3. Torquing ring screws too hard or with thread locker in the incorrect location
Scope tubes These are fine-walled tubes containing fragile internals. Excessive ring torque will cause a tube to be dented or the erector system to be preloaded, which could appear like random dispersion or a zero that will not want to be where it is supposed. An insufficient amount of torque may permit the scope to slip during recoil. Another risk factor is the use of thread locker that causes change in friction in the threads and can also alter effective torque. One of the assembly rules is to apply blue thread locker to base screws but not to the ring screws, namely, not to tighten the rings and stress the optic accidentally.

4. Without any mount, the scope is mounted to be in contact with the rifle when recoiling
Barrels whip. Stocks flex. When the objective bell, eyepiece, or any other component of the scope comes in physical contact with the barrel or action during shooting, the system will receive an erratic mechanical signal just as the bullet is passing through the bore. The outcome is one of either vertical stringing, fliers without reasons or a zero that moves when the rifle is knocked about. Clearance is not an option, and the choice of rings belongs to that.

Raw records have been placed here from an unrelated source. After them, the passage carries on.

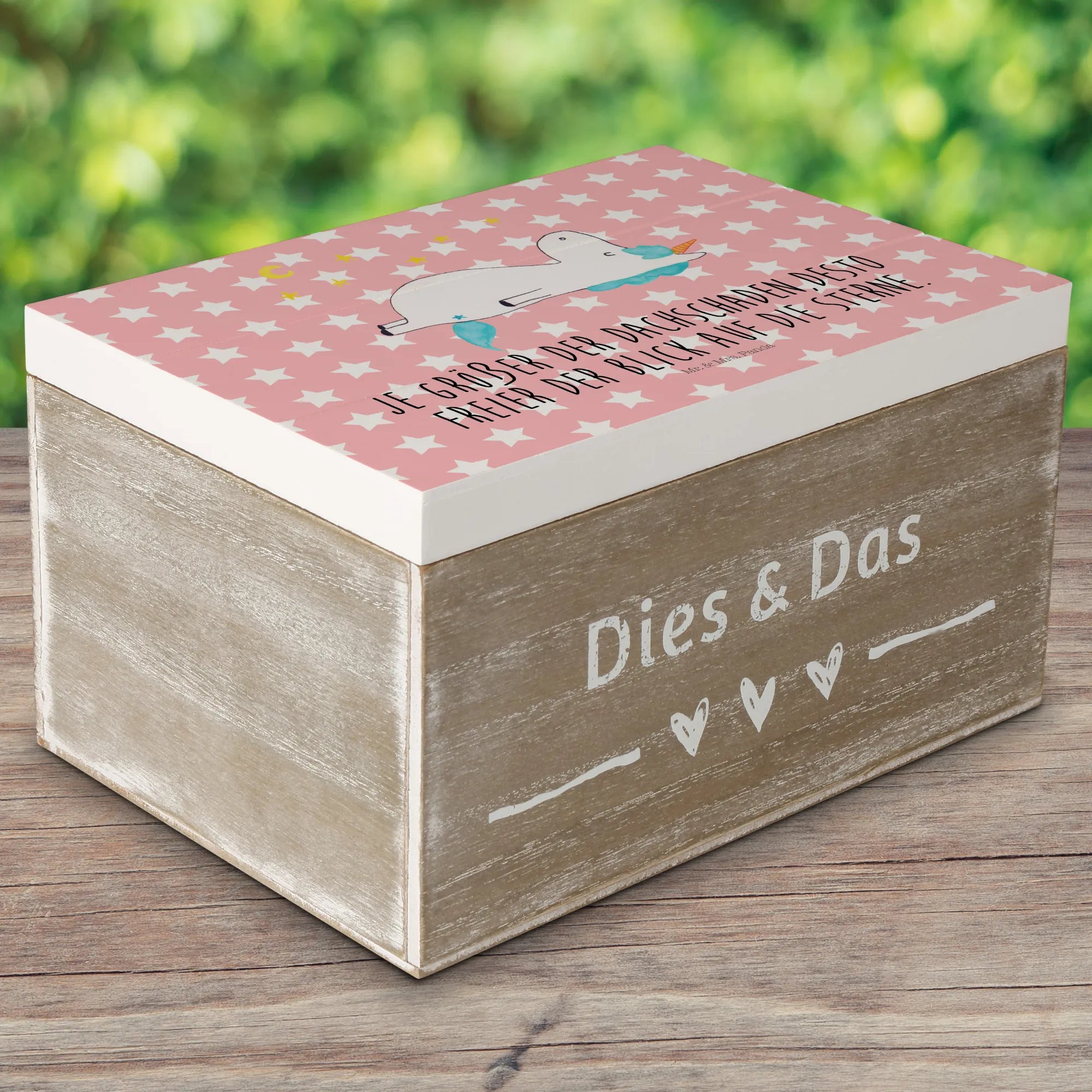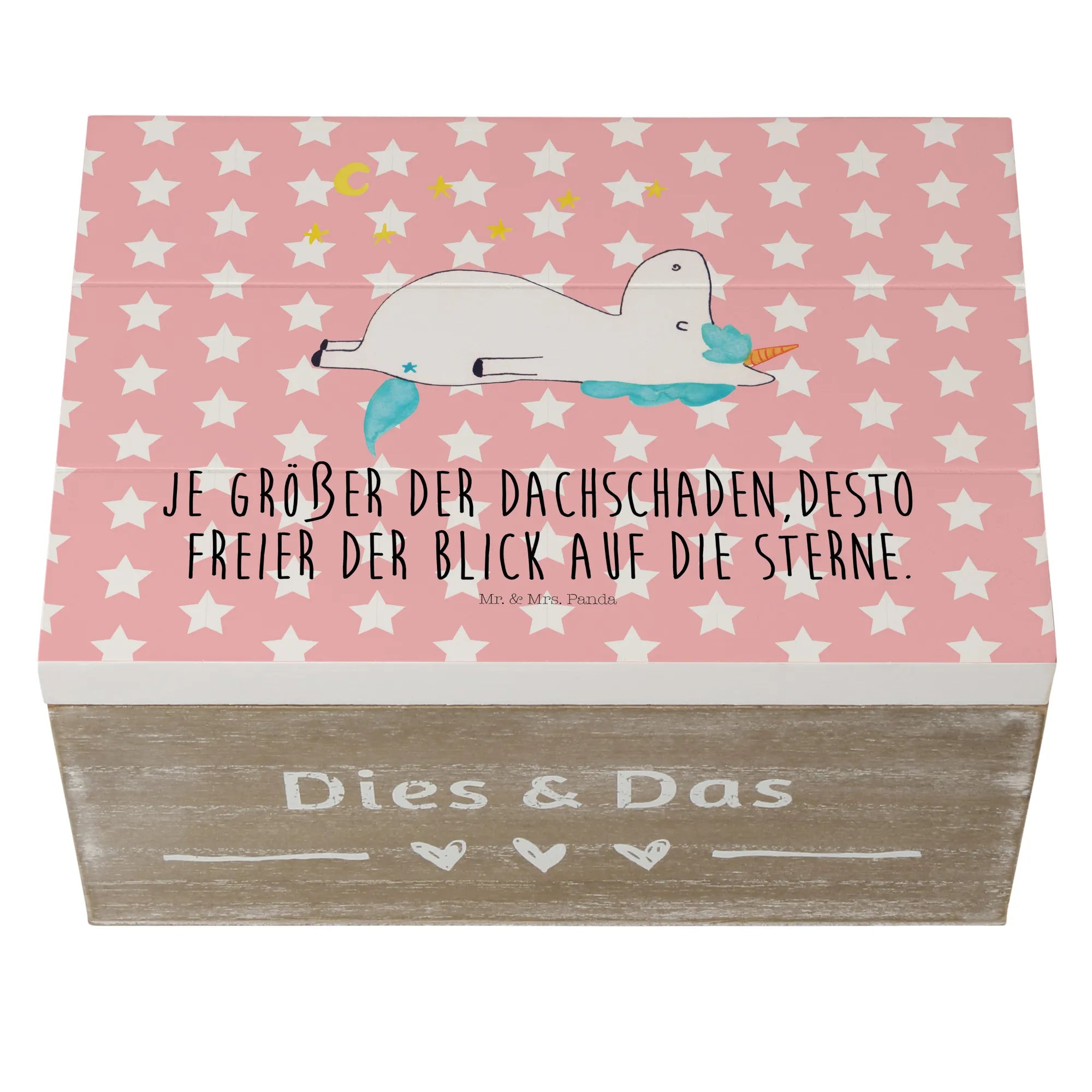 In summary, whether you are celebrating a milestone, welcoming a new friend into your life, or simply wishing to brighten someone's day, this Wooden Box with Unicorn Stars from the Unicorn-Collection by Mr. & Mrs. Panda is brimming with personality and charm. Make every occasion special with a gift that combines functionality and enchantment in one uniquely delightful package!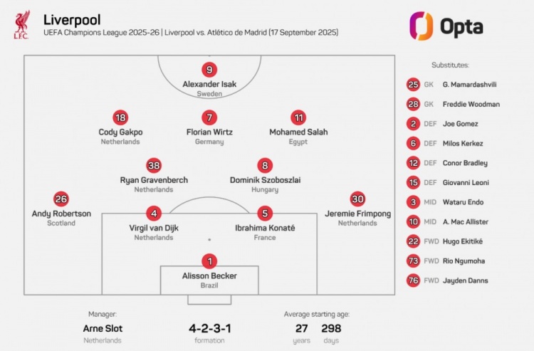 独苗!利物浦VS马竞对阵双方首发11人仅加拉格尔一名英格兰球员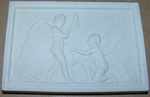 Royal Copenhagen Biscuit Platte Amor og Hymen spinder livets tråd No 74. Kopi af St. Ussing 1849 af Thorvaldsens Original fra Rom 1831. Måler 15cm x 9,5cm.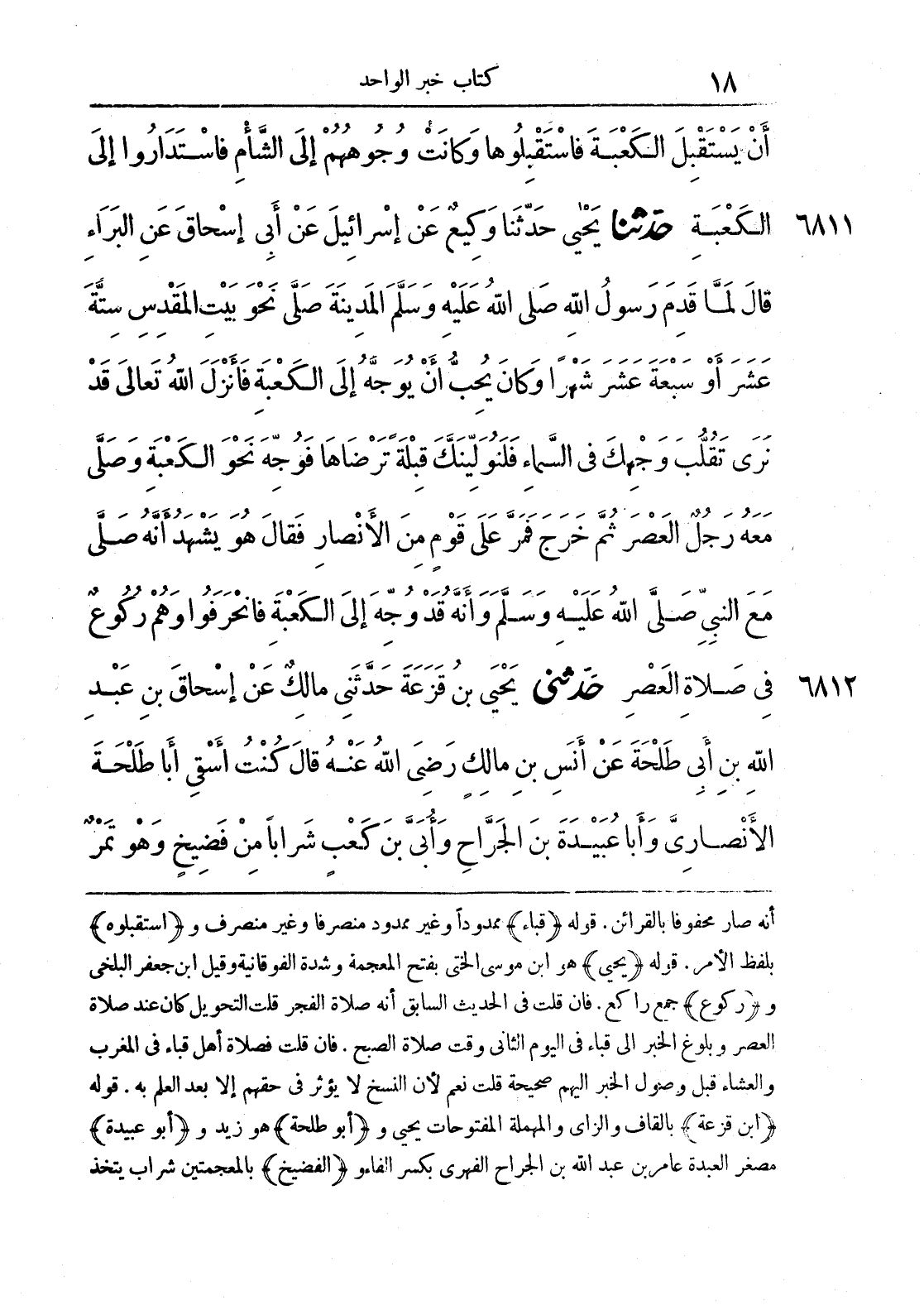 6811 - حَدَّثَنَا يَحْيَى حَدَّثَنَا وَكِيعٌ عَنْ إِسْرَائِيلَ عَنْ أَبِي إِسْحَاقَ عَنْ الْبَرَاءِ قَالَ لَمَّا قَدِمَ رَسُولُ اللَّهِ صَلَّى اللَّهُ عَلَيْهِ وَسَلَّمَ الْمَدِينَةَ صَلَّى نَحْوَ بَيْتِ الْمَقْدِسِ سِتَّةَ عَشَرَ أَوْ سَبْعَةَ عَشَرَ شَهْرًا وَكَانَ يُحِبُّ أَنْ يُوَجَّهَ إِلَى الْكَعْبَةِ فَأَنْزَلَ اللَّهُ تَعَالَى {قَدْ نَرَى تَقَلُّبَ وَجْهِكَ فِي السَّمَاءِ فَلَنُوَلِّيَنَّكَ قِبْلَةً تَرْضَاهَا} فَوُجِّهَ نَحْوَ الْكَعْبَةِ وَصَلَّى مَعَهُ رَجُلٌ الْعَصْرَ ثُمَّ خَرَجَ فَمَرَّ عَلَى قَوْمٍ مِنْ الْأَنْصَارِ فَقَالَ هُوَ يَشْهَدُ أَنَّهُ صَلَّى مَعَ النَّبِيِّ صَلَّى اللَّهُ عَلَيْهِ وَسَلَّمَ وَأَنَّهُ قَدْ وُجِّهَ إِلَى الْكَعْبَةِ فَانْحَرَفُوا وَهُمْ رُكُوعٌ فِي صَلَاةِ الْعَصْرِ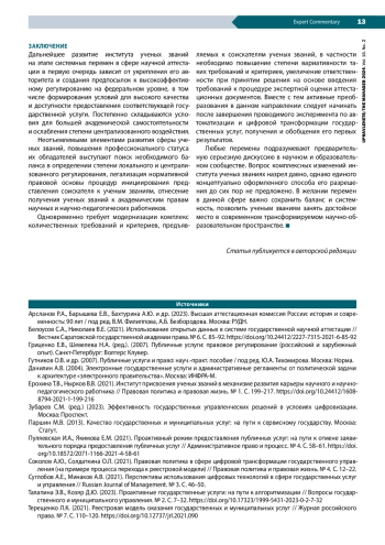2. Белоусов С.А., Николаев В.Е. (2021). Использование открытых данных в системе государственной научной аттестации // Вестник Саратовской государственной академии права. № 6. С. 85-92. DOI: 10.24412/2227-7315-2021-6-85-92 EDN: OWUMVD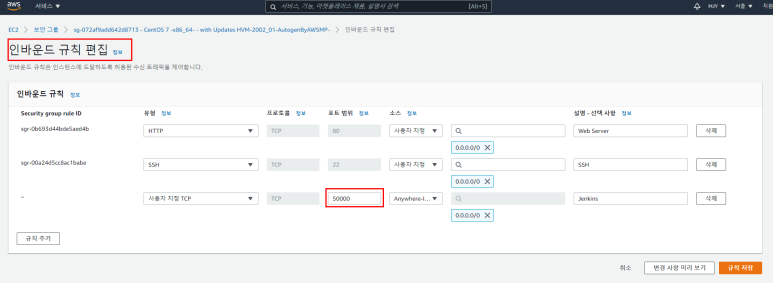 AWS 인바운드 규칙에도 50000번 포트를 허용합니다.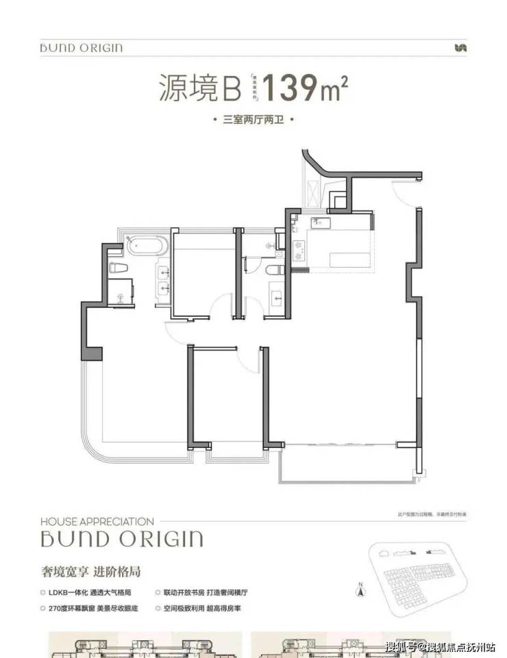 B户型是3房2厅2卫格局,三开间朝南+LDKB一体化+奢阔宽厅+全卧室带飘窗+主卧套房设计+动静分离+主卧270度飘窗,舒适度更高。外滩源著 复兴里 销售电话:186-6709-7609√√【微信同号】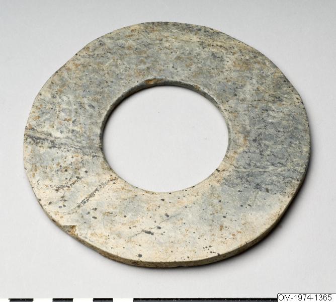 Enligt katalogkort: Jade-bi, något ojämn i kanten. Ena sidan till omkr. hälften täckt av kalkinkrustering. Material: Flammig, grågrön jade. Närmare tidsbestämning: Zhou-tiden.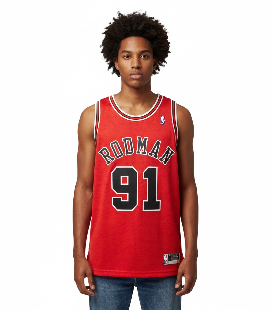 Show off your love for one of the most iconic defenders in NBA history with the Dennis Rodman #91 Chicago Bulls jersey. This vibrant red jersey captures the boldness of Rodman’s personality and skills on the court. Made with premium-quality fabric, this jersey is perfect for fans who want to celebrate the legacy of a true basketball legend.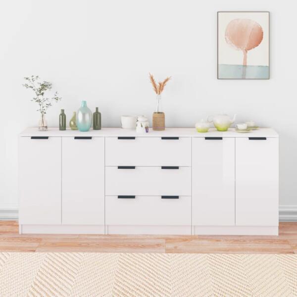 Ezek a minimalista stílusú tálalószekrények számos igényét kielégítik, és a helyiség ideális kiegészítői lesznek. Könnyen tisztítható anyag: Ez a szerelt fából készült tálalószekrény könnyen tisztítható. A szerelt fa kivételes minőségű, sima felületű, szilárd, stabil, és ellenáll a nedvességnek. Bőséges tárolóhely: A tárolóhely megkönnyíti a különf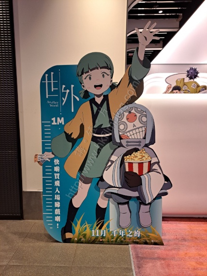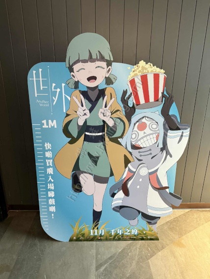 安樂發行、楊寶文監製、吳啟忠執導的《世外》將於十一月在港上映,並且在不同的戲阢開始展示其電影宣傳品。而上圖所見,則是「講。鏟。片」情報人員日前於尖沙咀iSquare英皇戲院所攝,可以看到在該戲院大堂的一角,擺放了《世外》的電影宣傳品。該宣傳品屬於量度一米身高的款式,看到片中兩位主角小妹與小鬼,當中小鬼拿著爆谷桶,而小妹雙手均舉起V字手勢。

A convenient minimum is to hold the objective at least 0.1 inch above the barrel in order to prevent vibration.

5. Broiling parties off a shifting rest-or resting the barrel
The variable is supposed to be removed through precision testing but the shooter is re-inserted by a moving front rest. When the rifle jumps, the bags move, or the bipod feet sneak, the subsequent shot is fired at a slightly altered geometry. Sometimes that difference is slight enough to be overlooked at the time and significant enough to destroy a group. Rest placement matters, too. One of the most frequent set up mistakes is to have the support under the barrel rather than under the stock/fore-end, altering the barrel dynamics and generally yielding unconsistent effects. Accessories are not a rock-solid bench and repeatable bag pressure, which is the test fixture.

6. Have forgotten parallax, and then run after the explanation of bad ammunition
Parallax is a precision-killer as it converts small changes in head position to changes in aim. Still, at range, it is capable of moving point of aim to simulate load variation, particularly in situations where the shooter is in rapid mode, magnification change, or a change of position behind the rifle between shots. One of the good practices is to consider parallax as a pre-shot fix rather than an adjustment to be done once. The first way is to turn the knob in and then check to ensure that the reticle is not floating on the target by making sure that the head is slightly moved in order to check the parallax is not floating on the object, as described in the instructions on how to check parallax before each shot.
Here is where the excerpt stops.